In 1850, Offley returned to Hartford as pastor of the Belknap Street Church, working alongside luminaries such as minister James W.C. Pennington and educator Ann Plato. In 1859, he wrote an autobiographical pamphlet recounting his youth up to his conversion. Printed by Case, Lockwood and Company of Hartford, A Narrative of the Life and Labors of the Rev. G. W. Offley, a Colored Man, Local Preacher and Missionary was endorsed by influential white ministers, including Horace Bushnell. Its generally "conciliatory" tone, regional audience (only 1000 copies were printed), and religious overtones made it a "relatively minor slave narrative."

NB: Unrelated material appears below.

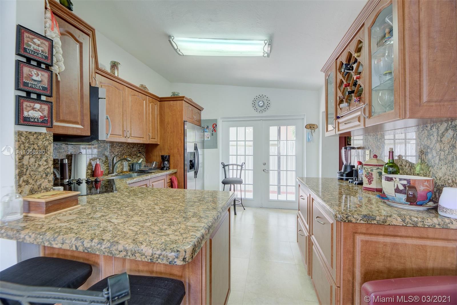 This corner lot home is great for outdoor entertainment! Featuring a custom bar, a large sink and a brick oven. The patio has plenty of room for activities. Inside, the kitchen and bathrooms have been tastefully remodeled. Newer appliances and tile floors are present throughout the home. The property is also fully fenced and has impact windows and accordion shutters.

In 1866, Offley was recorded as soliciting donations from the New England black community to fund church missionary work among the freedman in the border states. In 1867, Offley moved to New Bedford, Massachusetts, where he authored and published a short religious treatise entitled "God's Immutable Declaration of His Own Moral and Assumed Natural Image and Likeness in Man" (1875). Offley lived quietly on his farm for the rest of his life, dying on March 22, 1896. He was buried in Oak Grove Cemetery.

== Personal life ==
Offley married twice while living in Connecticut. In 1837, he married his first wife, Ann Offley, who died in the 1850s. He married Elizabeth Offley (born 1840) by 1860 according to census records. Little is known about either of his wives, and he had no known biological children. He did adopt one daughter, Adelaide Brown (1857–1927), whose mother was a Nipmuc.